Inequality of Probabilities
The Inequality of Probabilities refers to the comparison between conditional and unconditional probabilities. If we say \(P(B \mid A) > P(B)\), it means that the occurrence of event \(A\) increases the likelihood of event \(B\).
In other words, knowing that \(A\) has occurred provides additional information that makes \(B\) more likely than it would be on its own.
This idea is key to understanding dependent events, where the probability of an event is influenced by the occurrence of another event.
In mathematical terms, when we have \(P(B \mid A) > P(B)\), we realize that event \(A\) positively influences or conditions event \(B\), thereby increasing the probability of \(B\). This relationship highlights the importance of context and prior information in probability assessments.

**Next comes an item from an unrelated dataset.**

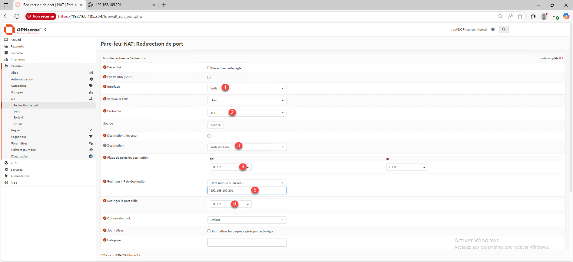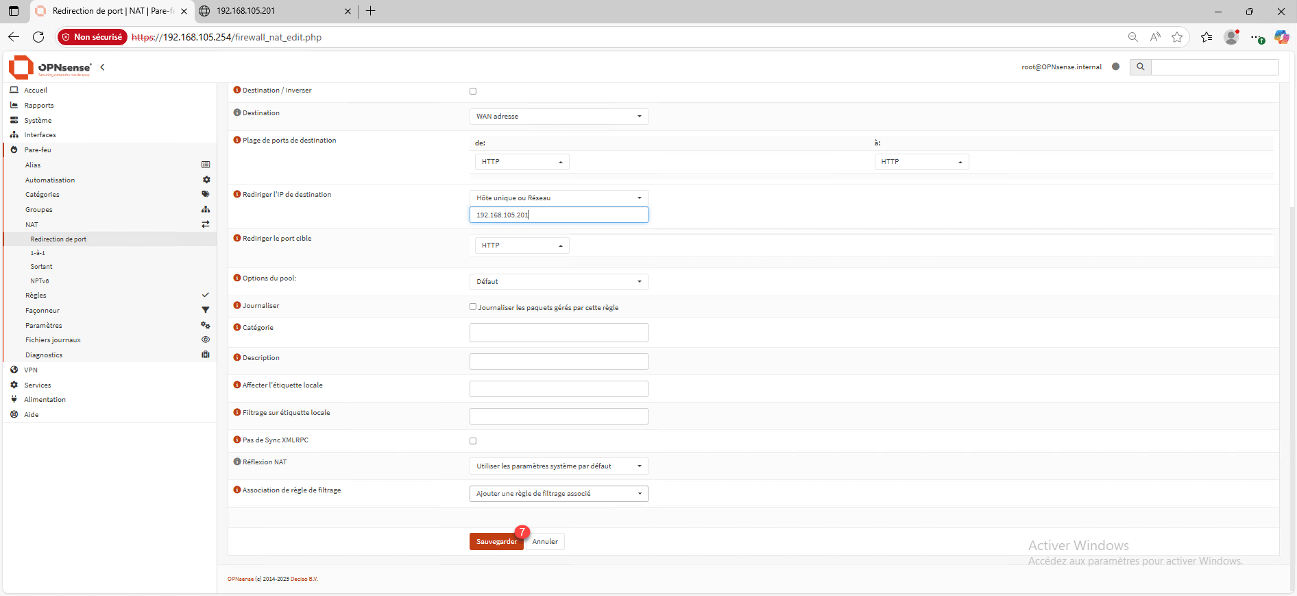 Sélectionner l’interface WAN 1, sélectionner le protocole 2 (pour ma part TCP), en destination choisir WAN Adresse <3 (qui sera l’adresse IP sur mon interface WAN), sélectionner le port 4 (je vais sélectionner HTTP), ensuite configurer le serveur de redirection 5 et le port 6. Pour finir cliquer sur sauvegarder 7 qui se trouve en bas de la page.

Event Attraction in Probability
Event Attraction in Probability involves understanding how one event can affect the likelihood of another. When we say "\(A\) attracts \(B\)", it is based on the idea that the occurrence of \(A\) increases the probability of \(B\).
If \(P(B \mid A) > P(B)\), then \(A\) has a positive impact on \(B\), making \(B\) more likely once \(A\) occurs.
Conversely, if \(B\) attracts \(A\), then \(P(A \mid B) > P(A)\), indicating that the occurrence of \(B\) similarly boosts the chance of \(A\), demonstrating mutual attraction.
This dual attraction showcases a symmetrical relationship in probability where influence is reciprocal.
  • Example: Knowing that it will rain (event \(A\)) increases the likelihood of carrying an umbrella (event \(B\)). Similarly, if we see people carrying umbrellas (event \(B\)), we might infer it might rain (event \(A\)).
Understanding such interactions is crucial in fields like statistics, risk management, and decision sciences, where predicting outcomes based on interconnected events is essential.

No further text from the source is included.